The expected outputs are:

  • A plan for Software Aspects of Certification (PSAC).
  • Software development plan.
  • Software verification plan.
  • Software configuration management plan.
  • Software quality assurance plan.

The software development process is broken down into four sub-processes:

  • Software requirement process: High-level requirements in relation to function, performance, interface, and safety.
  • Software design process: Low-level requirements used to implement the source code.
  • Software coding process: Production of source-code from the design process.
  • Integration process: Integration of code into a real-time environment.

The following tangible outputs are the result of the combined four sub-processes:

  • Software requirements data.
  • Software design description.
  • Source code.
  • Executable object code.

C Coding Standards

Coding StandardC StandardSecurity StandardSafety StandardInternational StandardWhole Language
CWENone/AllYesNoNoN/A
MISRA 2012 Amendment 2C99/C11/C18NoYesNoNo
CERT CC99/C11YesNoNoYes
ISO/IEC TS 17961C11YesNoYesYes

MISRA C

MISRA - The Motor Industry Software Reliability Association - provides coding standards for developing safety-critical systems.
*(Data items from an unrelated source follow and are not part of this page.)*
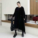 ワンピース レディース 秋冬 コーデュロイ 切り替え Aライン ロング丈 ゆったりサイズ ラウンドネック 長袖 無地 街頭風 黒 ブラック グレー系
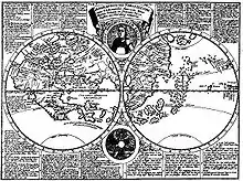 - 1401-1406 : traduction en latin de la géographie de Ptolémée par Jacopo d'Angelo (imprimée à Rome en 1478)[25]. L’ouvrage démontre la rotondité de la terre. Par un calcul erroné, il place le continent asiatique à la longitude du Mexique. Il place au sud de l’Équateur l’énorme masse d’un continent qui rejoindrait l’Afrique et l’Asie.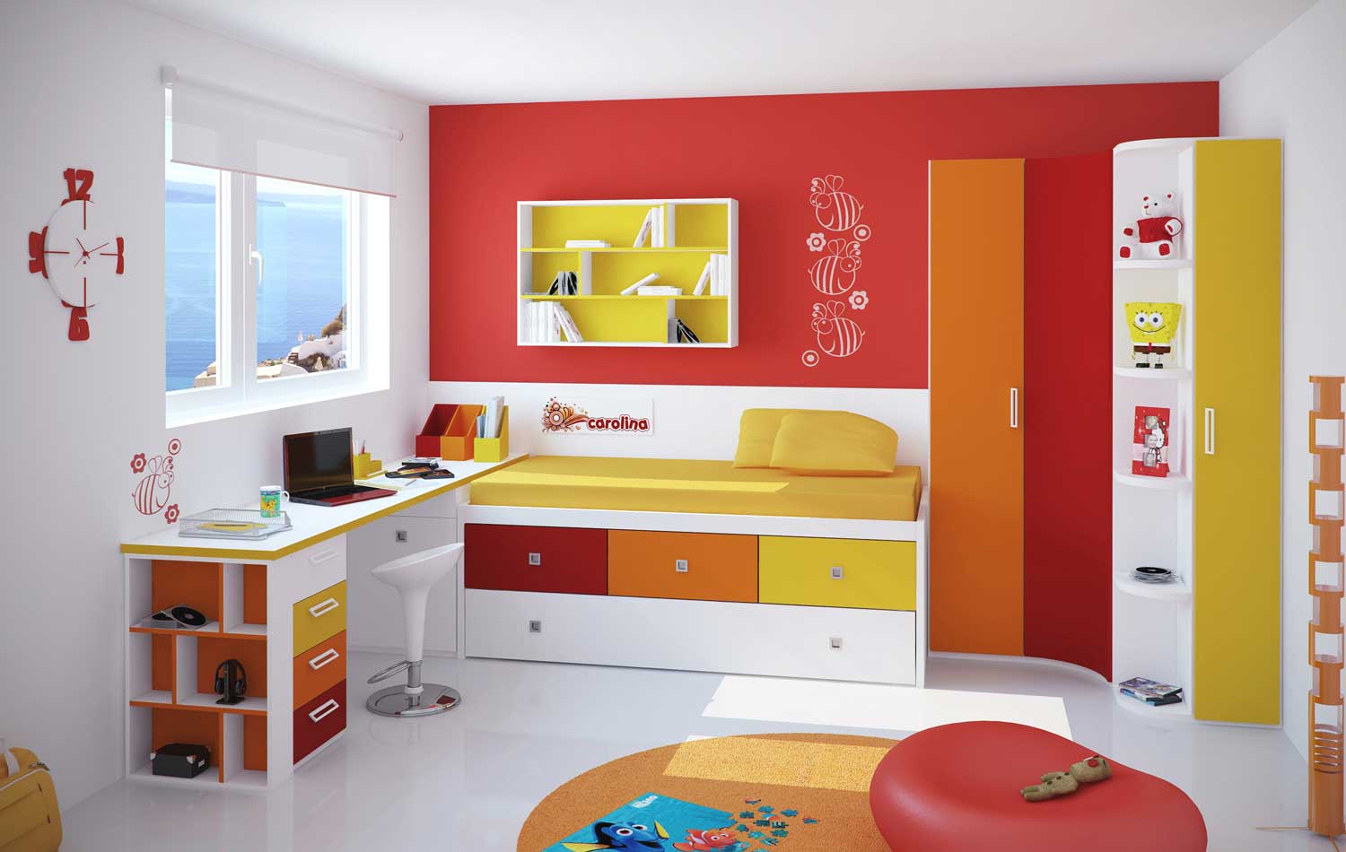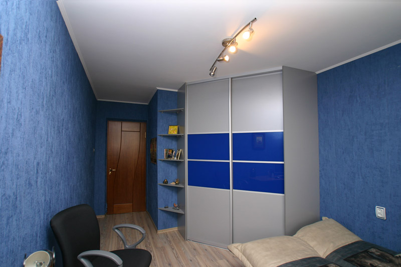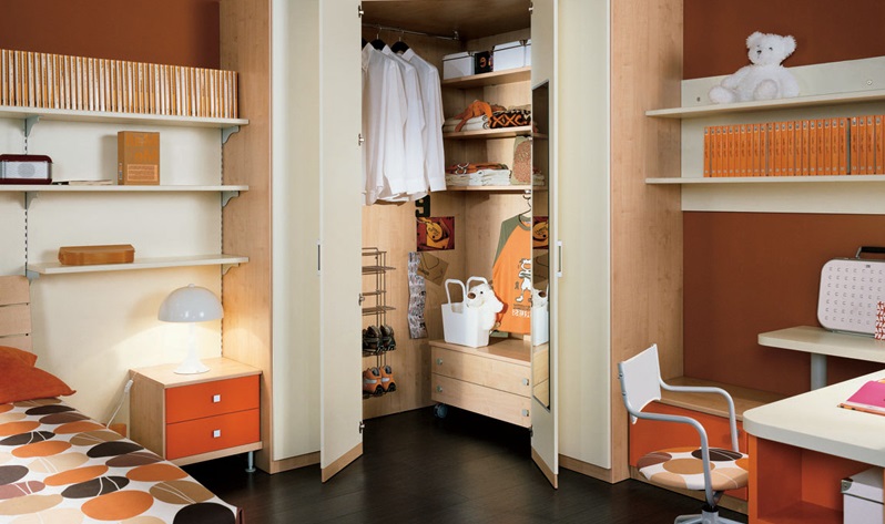 De kledingkast voor de jongen moet beknopter zijn in gedempte kleuren (blauw, groen, oranje).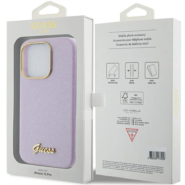 Etui Guess GUHCP15LPGMCSL Apple iPhone 15 Pro hardcase Glitter Glossy Script liliowy/lilac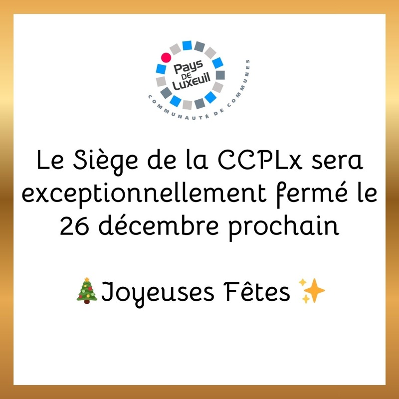 Le Siège de la CCPLx, 22 rue Jules Jenneney à Luxeuil-Les-Bains sera exceptionnellement fermé le vendredi 26 décembre 2025.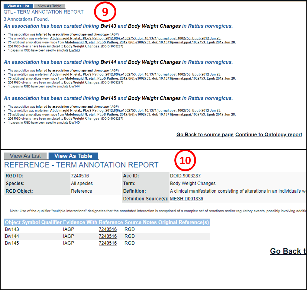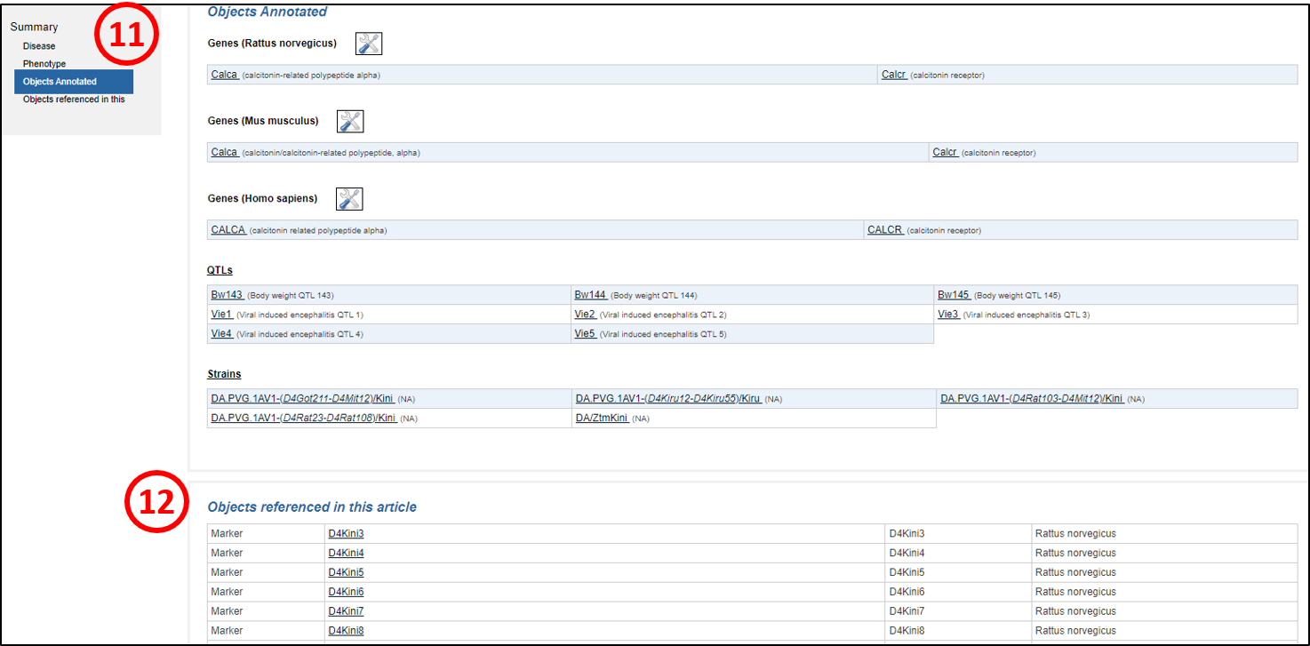 RGD has two types of references – curated and uncurated. The curation staff has manually reviewed curated references and information relevant to the database has been extracted into the database. Uncurated references are known to contain relevant data but have not yet been manually reviewed. These are found as PubMed links listed in the ‘References – uncurated’ section of an object report (e.g. a gene report).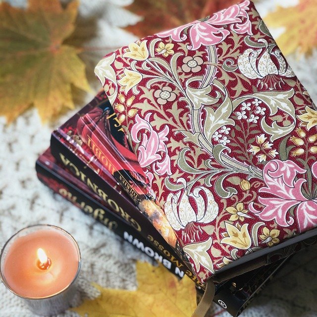 books, autumn, leaves, foliage, october, red, william morris, cosy, bookworm, mood, reading, hygge, Free photos,Free picture Books Autumn Leaves - integrated with the OffiDocs web apps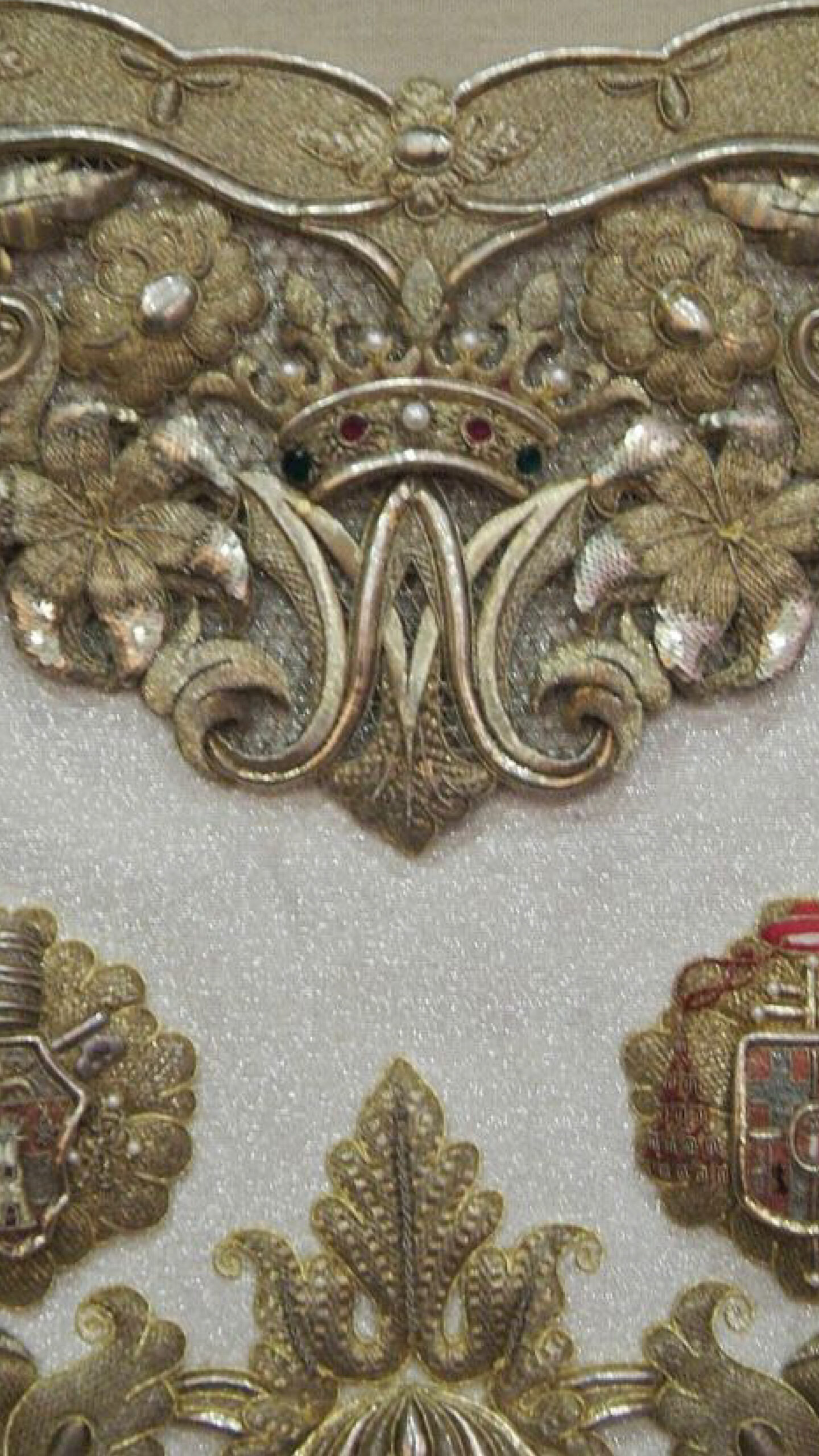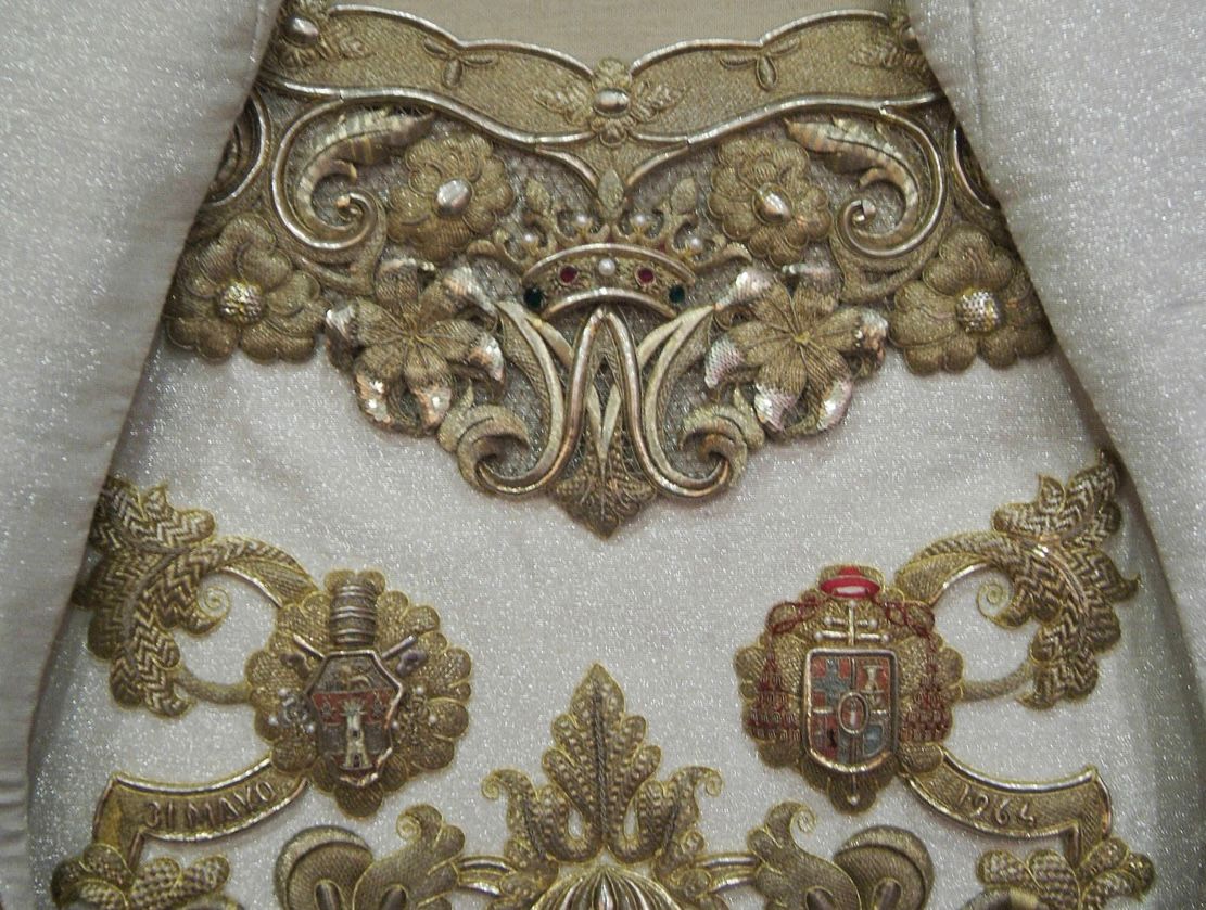 Detalle de la saya “de la Coronación” en la que se aprecian los escudos de Su Santidad el Papa Juan XXIII y del Cardenal Bueno Monreal; y las leyendas “31 mayo” y “1964”.

MISRA C is a set of software development guidelines for the C programming language developed by The MISRA Consortium. It is not for finding bugs, rather for preventing unsafe coding habits.

Although originating from the automotive industry, it has evolved as a widely accepted model for best practices by leading developers in sectors including automotive, aerospace, telecom, medical devices, defense, railway, and more.

MISRA C has trhee categories of guidelines:

  1. Mandatory: You must follow these, no exceptions permitted.
  2. Required: You must follow these but there can be execptions in certain cases.
  3. Advisory: You must try to follow these but they are not mandatory.

The guidelines provided by MISRA C are not "you should not do that" but "this is dangerous, you may only do that if it is needed and is safe to do so". Therefore, the deviation process is an essential part of MISRA C. Violation of a guideline does not necessarily mean a software error. For example, there is nothing wrong about converting an integer constant to a pointer when it is necessary to address memory mapped registers or other hardware features. However, such conversions are implementation-defined and have undefined behaviours, so Rule 11.4 suggests avoiding them everywhere apart from the very specific instances where they are both required and safe.

For example, here are some safe coding practices in ISO 26262-6:2018

  • One entry and one exit point in sub-programs and functions.
  • No dynamic objects or variables, or else online test during their creation.
  • Initialisation of variables.
  • No multiple use of variable names.
  • Avoid global variables or else justify their usage.
  • Restricted use of pointers.
  • No implicit type conversions.
  • No hidden data flow or control flow.
  • No unconditional jumps.
  • No recursions.

NASA - The power of 10: Rules for developing safety-critical code

  1. Avoid complex flow constructs such as goto and recursion.
  2. All loops must have fixed bounds. This prevents runaway code.
  3. Avoid heap memory allocation, e.g. do not use malloc.
  4. Restrict functions to a single printed page.
  5. Use a minimum of two runtime assertions per function.
  6. Restrict the scope of data to the smallest possible.
  7. Check the return value of all non-void functions, or cast to void to indicate the return value is useless.
  8. Use the pre-processor sparingly, e.g. do not use stdio.h, local.h, abort()/exit()/system() from stdlib.h, time handling from time.h, etc.
  9. Limit pointer use to single dereference, and do not use function pointers.
  10. Compile with all possible warnings active; all warnings should then be addressed before release of the software.